2. CLAVICEPS PASPALI

3. DATA SUAVEOLANS

4. ERYTROXYLUM COCA

5. LOPHOPHORA WILLIAMSII (COTO PEYOTE)

6. AMAZONIAN PRESTONIA (HAEMADICTYON AMAZONICUM)

Class F

Class F1 
1. 3-METHYLPENTANILA (N- (3-METHYL-1- (PHENETHYL-4-PIPERIDYL) PROPIONANYLID)

2. 3-METHYLTHYOPENTANILA (N- [3-METHYL-1- [2- (2-THYENYL) ETHYL] -4-PIPERIDYL] PROPIONANYLID)

3. ACETYL-ALPHA-METHYLPENTANILA (N- [1-α-METHYLPHENETHYL) -4-PIPERIDYL] ACETHANYLID)

4. ALPHA-METHYLPENTANILA (N- [1-α-METHYLPHENETHYL) -4-PIPERIDYL] PROPIONANYLID)

5. ALPHYMPHYLTHYLPENTYLENE (N- [1- [1-METHYL-2- (2-THIENYL) ETHYL] -4-PIPERIDYL] PROPIONANYLID)

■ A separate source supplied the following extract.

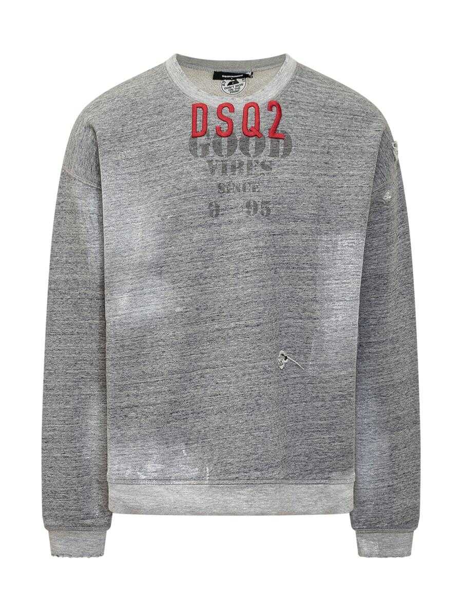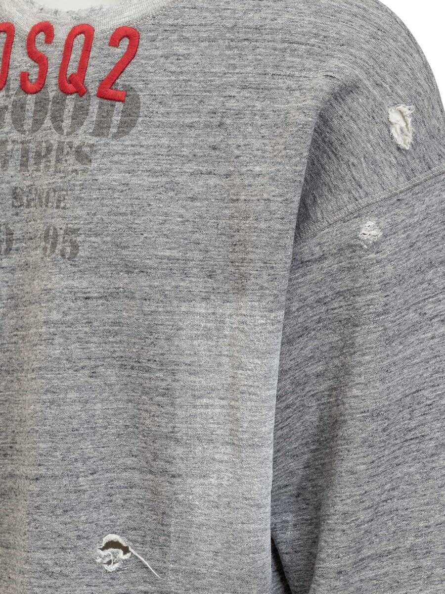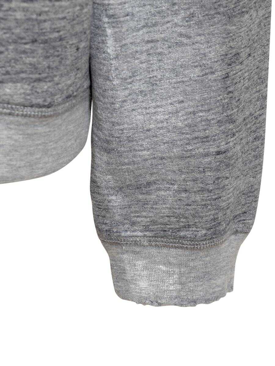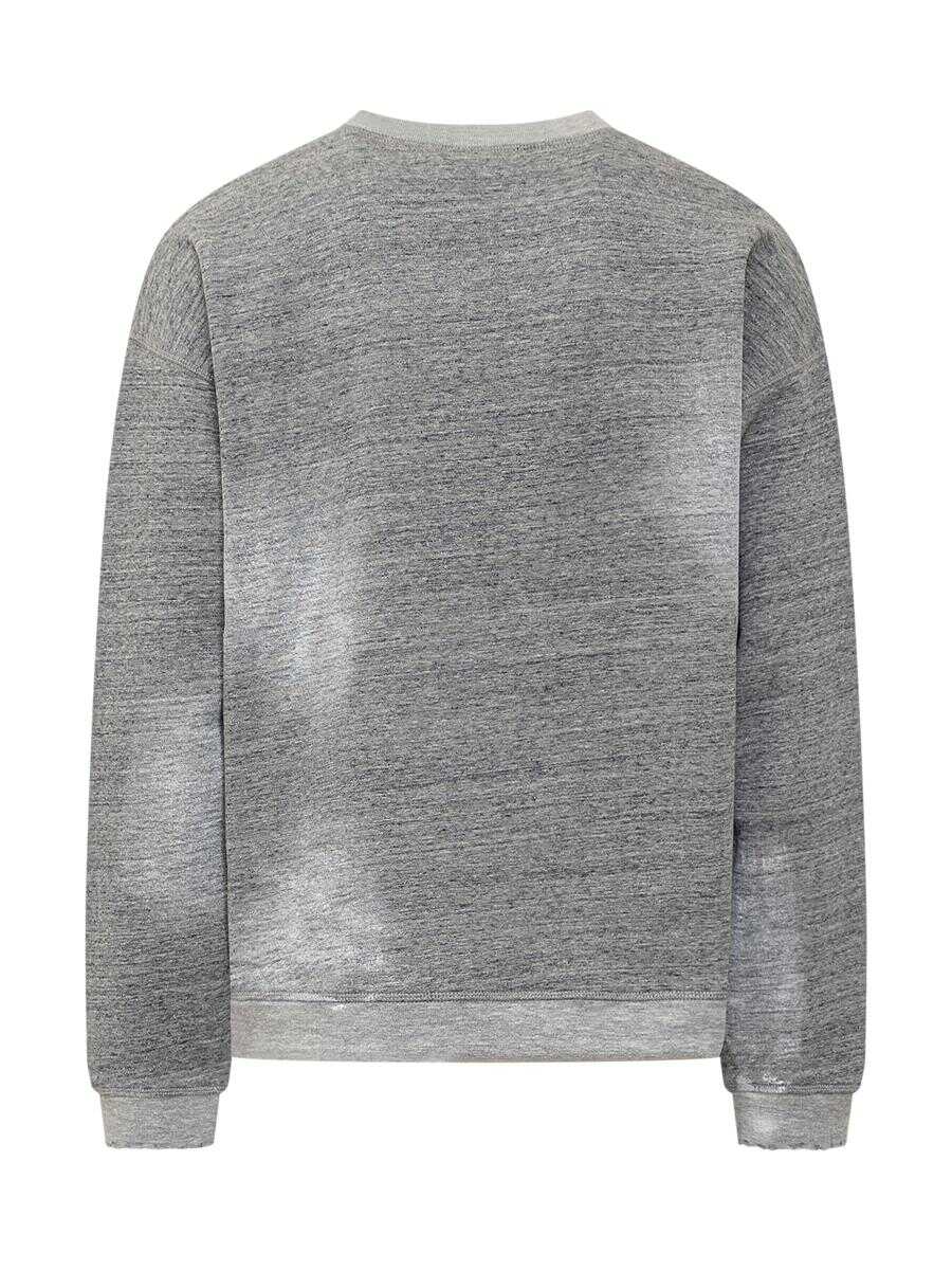 Long-sleeved cotton sweatshirt. Crew neck. Ribbed hems. Embossed embroidered logo on front. Ruined effect on front and cuffs.

6. BETA-HYDROXY-3-METHYLPHENANYL

7. BETA-HYDROXIFENTANILA

8. COCAINE

9. DESOMORFINE (DIYRODEOXIMORFINE)

10. ECGONINE

11. HEROIN (DIACEHYLMORPHINE)

12. MPPP (PIPERIDINE (1-METHYL-4-PHENYL-4-PROPIONATE)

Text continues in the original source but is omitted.